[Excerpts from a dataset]

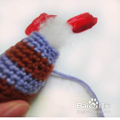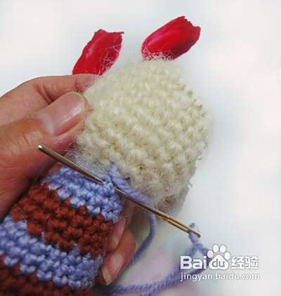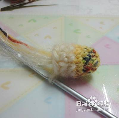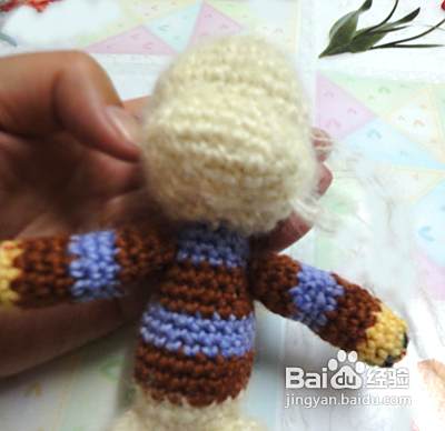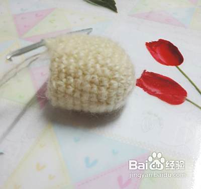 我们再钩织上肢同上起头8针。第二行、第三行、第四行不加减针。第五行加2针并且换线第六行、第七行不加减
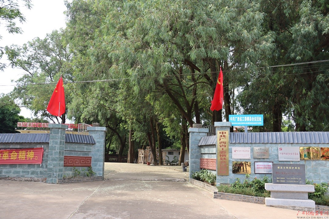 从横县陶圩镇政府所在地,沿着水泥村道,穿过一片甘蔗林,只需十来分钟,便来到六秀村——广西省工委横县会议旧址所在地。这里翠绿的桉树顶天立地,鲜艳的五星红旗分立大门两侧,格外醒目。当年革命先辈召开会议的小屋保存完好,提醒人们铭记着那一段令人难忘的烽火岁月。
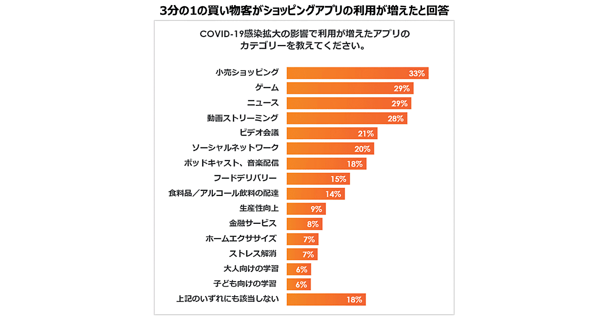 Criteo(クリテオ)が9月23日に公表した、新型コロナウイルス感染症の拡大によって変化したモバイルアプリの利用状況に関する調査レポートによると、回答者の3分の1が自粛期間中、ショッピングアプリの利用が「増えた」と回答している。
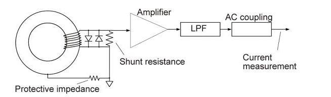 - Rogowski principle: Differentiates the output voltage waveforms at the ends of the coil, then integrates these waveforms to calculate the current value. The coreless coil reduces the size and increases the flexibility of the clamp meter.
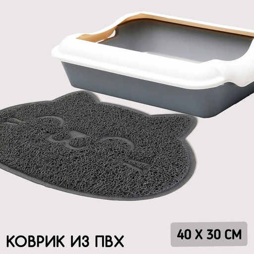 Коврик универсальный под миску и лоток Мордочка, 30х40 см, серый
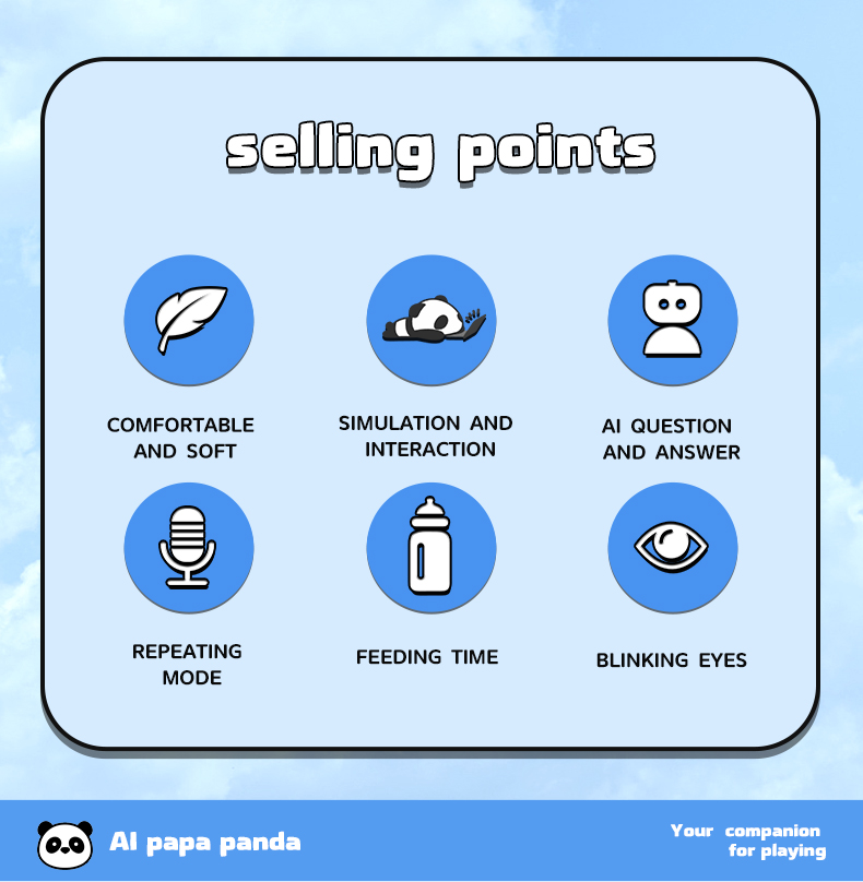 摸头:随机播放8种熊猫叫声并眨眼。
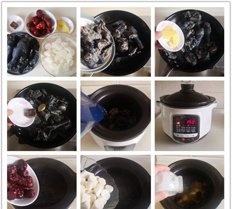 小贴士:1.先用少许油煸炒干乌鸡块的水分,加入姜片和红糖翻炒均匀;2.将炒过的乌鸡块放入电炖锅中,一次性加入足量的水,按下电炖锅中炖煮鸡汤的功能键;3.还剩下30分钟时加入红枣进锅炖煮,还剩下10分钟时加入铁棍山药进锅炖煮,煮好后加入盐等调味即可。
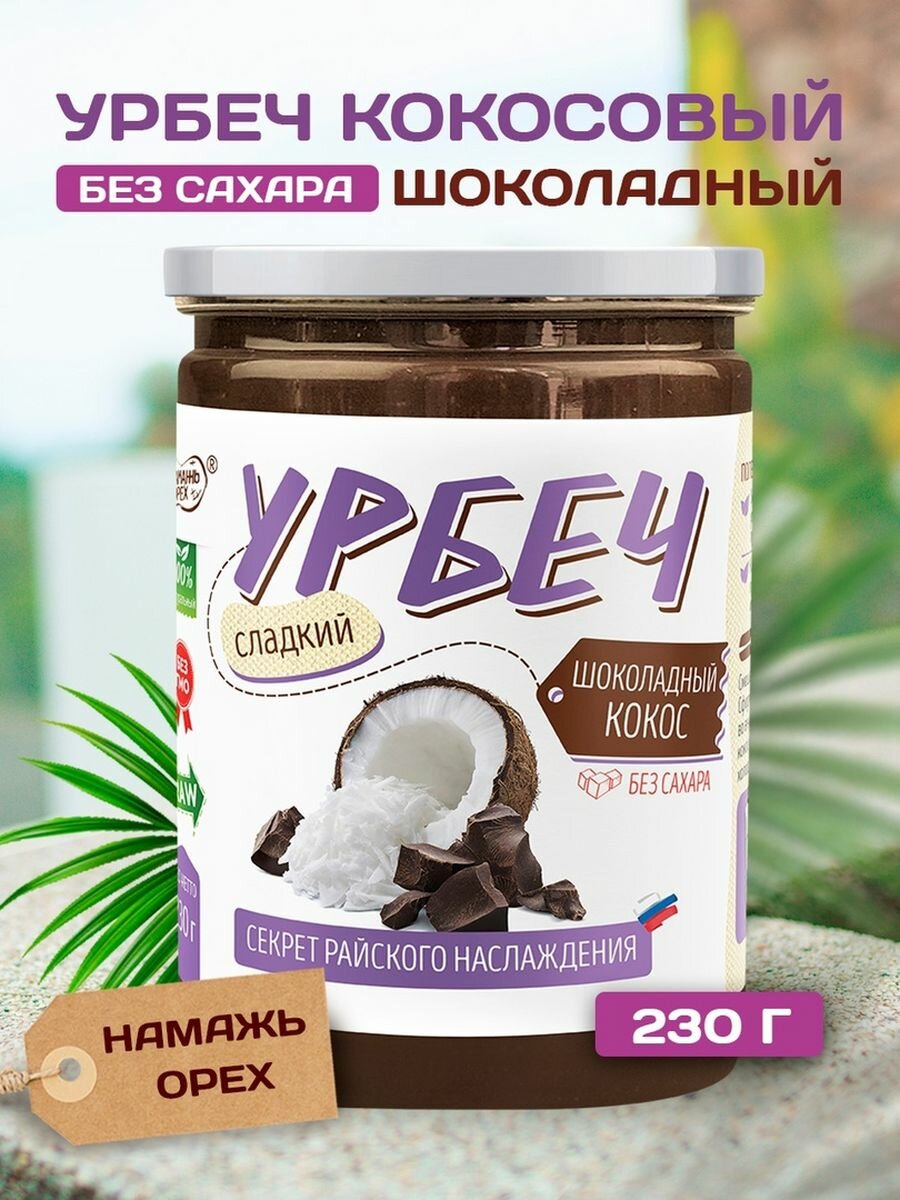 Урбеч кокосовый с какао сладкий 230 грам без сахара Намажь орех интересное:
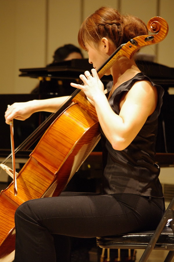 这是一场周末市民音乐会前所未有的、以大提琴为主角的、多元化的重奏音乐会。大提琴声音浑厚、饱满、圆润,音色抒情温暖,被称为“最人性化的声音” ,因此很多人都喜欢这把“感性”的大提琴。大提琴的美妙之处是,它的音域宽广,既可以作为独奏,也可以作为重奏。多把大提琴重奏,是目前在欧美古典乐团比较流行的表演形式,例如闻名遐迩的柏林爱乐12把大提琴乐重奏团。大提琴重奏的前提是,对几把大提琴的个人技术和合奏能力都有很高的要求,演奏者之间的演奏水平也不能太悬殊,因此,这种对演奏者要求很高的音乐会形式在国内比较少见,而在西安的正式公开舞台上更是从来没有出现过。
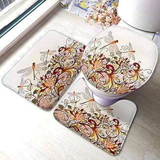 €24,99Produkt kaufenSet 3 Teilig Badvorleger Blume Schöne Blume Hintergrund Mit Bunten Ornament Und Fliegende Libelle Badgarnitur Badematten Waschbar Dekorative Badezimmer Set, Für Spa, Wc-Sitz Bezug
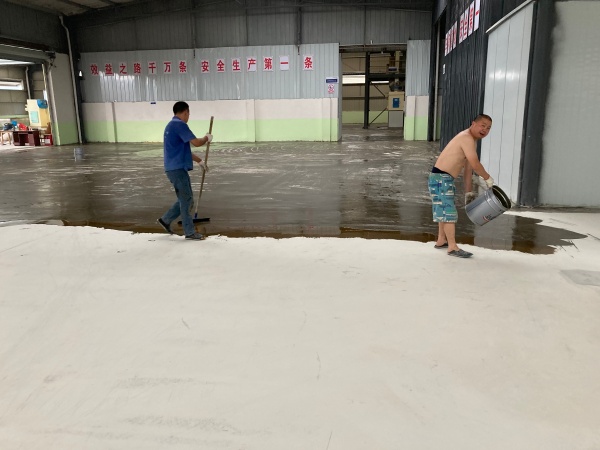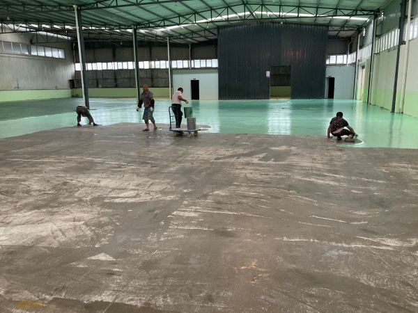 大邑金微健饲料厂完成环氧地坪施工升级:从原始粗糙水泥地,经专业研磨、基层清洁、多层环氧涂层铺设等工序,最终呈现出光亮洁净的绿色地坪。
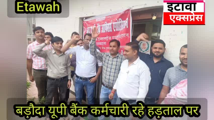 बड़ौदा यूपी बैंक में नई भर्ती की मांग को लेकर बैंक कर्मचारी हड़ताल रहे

**Activity**.
What's needed is an exact copy of the lines above from the one with "从横县陶圩镇政府所在地,沿着" through the one with "Урбеч кокосовый с", both included; the pictures stay out.

**Final answer**.
 从横县陶圩镇政府所在地,沿着水泥村道,穿过一片甘蔗林,只需十来分钟,便来到六秀村——广西省工委横县会议旧址所在地。这里翠绿的桉树顶天立地,鲜艳的五星红旗分立大门两侧,格外醒目。当年革命先辈召开会议的小屋保存完好,提醒人们铭记着那一段令人难忘的烽火岁月。
 Criteo(クリテオ)が9月23日に公表した、新型コロナウイルス感染症の拡大によって変化したモバイルアプリの利用状況に関する調査レポートによると、回答者の3分の1が自粛期間中、ショッピングアプリの利用が「増えた」と回答している。
 - Rogowski principle: Differentiates the output voltage waveforms at the ends of the coil, then integrates these waveforms to calculate the current value. The coreless coil reduces the size and increases the flexibility of the clamp meter.
 Коврик универсальный под миску и лоток Мордочка, 30х40 см, серый
 摸头:随机播放8种熊猫叫声并眨眼。
 小贴士:1.先用少许油煸炒干乌鸡块的水分,加入姜片和红糖翻炒均匀;2.将炒过的乌鸡块放入电炖锅中,一次性加入足量的水,按下电炖锅中炖煮鸡汤的功能键;3.还剩下30分钟时加入红枣进锅炖煮,还剩下10分钟时加入铁棍山药进锅炖煮,煮好后加入盐等调味即可。
 Урбеч кокосовый с какао сладкий 230 грам без сахара Намажь орех интересное:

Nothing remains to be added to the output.